The founding members of Toronto jazz rock group BadBadNotGood first met while going to school for jazz at Humber College in 2010. But in just a few short years, Matthew A. Tavares, Alexander Sowinski, Leland Whitty and Chester Hansen's quirky mix of modern jazz, hip-hop and rock turned them from college students to international jetsetters, thanks in large part to high-profile collaborations with hip-hop legends including Kendrick Lamar, Tyler, the Creator, Earl Sweatshirt, Danny Brown and Ghostface Killah.

The band's 2015 album, Sour Soul with Ghostface Killah, landed it on the 2015 Polaris Music Prize short list, and now its aptly named fourth album, IV, has also put them in the running for the esteemed award. For each of this year's nominees, we're sharing five things you might not know. Here are five things about IV.


Related: BadBadNotGood's Chester Hansen on the making of IV


1. If it sounds like it’s a little all over the place, that’s because it is

When the bandmates started writing and recording the songs that became IV in fall of 2015, they had no defined direction and ended up with so many different styles that they were unsure the songs would work together. At first they were going to make an all-instrumental album, then decided instead to toss together “a salad” of feature tracks and instrumentals.

“When we started to look at it and see how different some of the songs would be between the most soulful groovy songs versus something that’s much more crazy with an up-tempo jazz improv vibe. It was looking kind of weird. We were like, ‘I don’t know if it makes a lot of sense,’” said Sowinski in an interview with Noisey. “But I’ve grown to appreciate what it is now and how everything comes together. There is cohesiveness because it’s us playing, and it’s our instruments and our studio and all these flavours. I’m quite proud of it, but it’s taken a bit of time to develop it because it is such a different-sounding album. It’s not your typical concept album where it’s a few themes that are regulated throughout. It’s just straight-up very different between song to song.”

2. It’s the first album featuring Leland Whitty as a full member

Saxophonist Leland Whitty has been recording and touring with the band for years, but IV represents the first album with Whitty as a full member. “Aided by his hovering saxophone melodies, their songs have gotten leaner, and the various freewheeling moods they channel have become more potent,” raved Spin magazine.

3. The album features a string of top guests from a range of musical worlds

Among the guests are Future Islands frontman Samuel T. Herring (vocals on “Time Moves Slow”), Montreal producer Kaytranada (synths on “Lavender”) and Chicago rapper Mick Jenkins (“Hyssop of Love”).

The easiest to work with, says Tavares, was Kaytranada. "That was the most organic thing that's ever happened," he said in a Billboard interview.

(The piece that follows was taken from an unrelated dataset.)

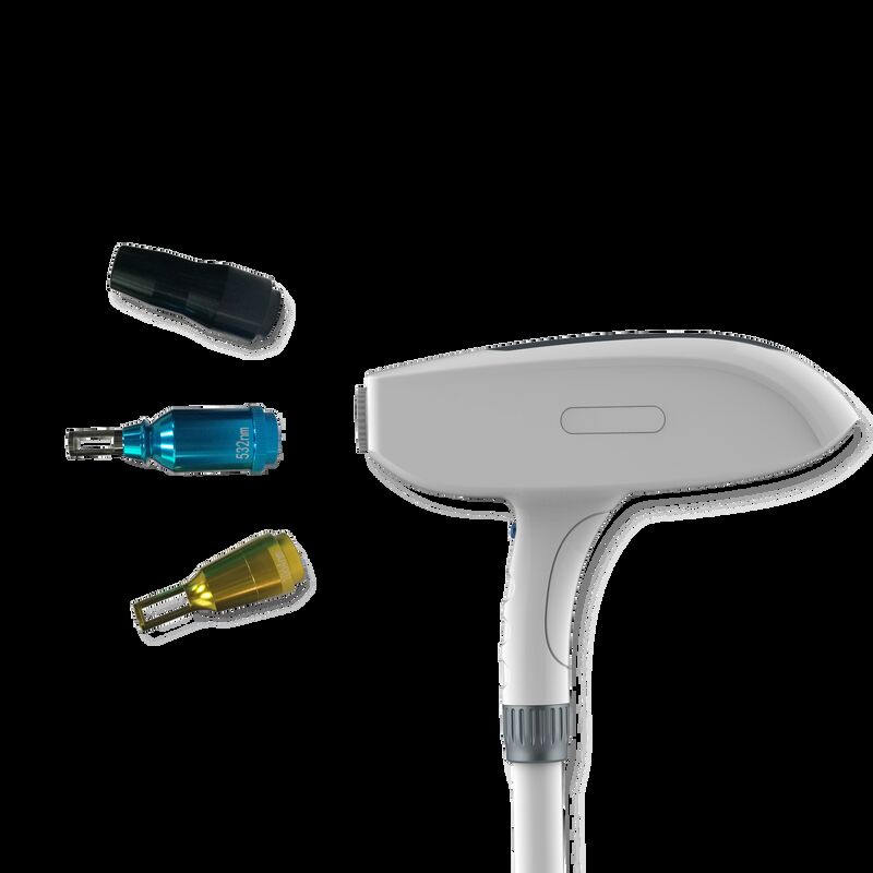 เลเซอร์มีปลายการรักษาที่เปลี่ยนได้สองแบบ โดยแต่ละแบบมีความยาวคลื่นที่แตกต่างกัน: 1064 nm & 532nm
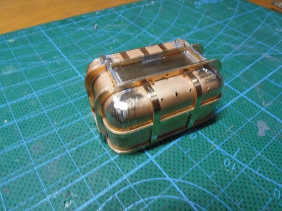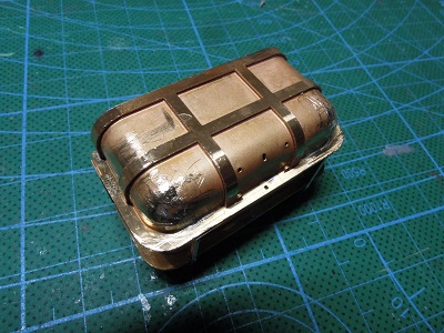 ・車体組立(2020/5/31) まずは函体から。 位置決めのネジで固定して、各パーツを半田付けします。 補強帯板の位置合わせも、爪があり簡単に決まります。 函体の隅は、半田を流して丸くなるように成型します。 |

"He did a huge solid for us and gave us a remix for one of the songs off of III named 'Kaleidoscope,' and then he came to one of our shows when we were playing in Montreal and then did a huge solid for us and came to Toronto and played a surprise DJ set at our show, which is pretty intense because he's a pretty expensive bill and he's a legend," added Sowinski. "The next day we went into the studio right away and made a bunch of stuff."

The biggest suprise was seeing Colin Stetson doing his thing. "I've seen him play shows, but to be right next to him in a room, acoustically, and to see him do this circular breathing process and the volume he projects with only his lungs — I've never experienced that before," said Tavares. "I've always seen him at shows; to stand right next to him is insane. It doesn't make sense how that sound is coming out of him."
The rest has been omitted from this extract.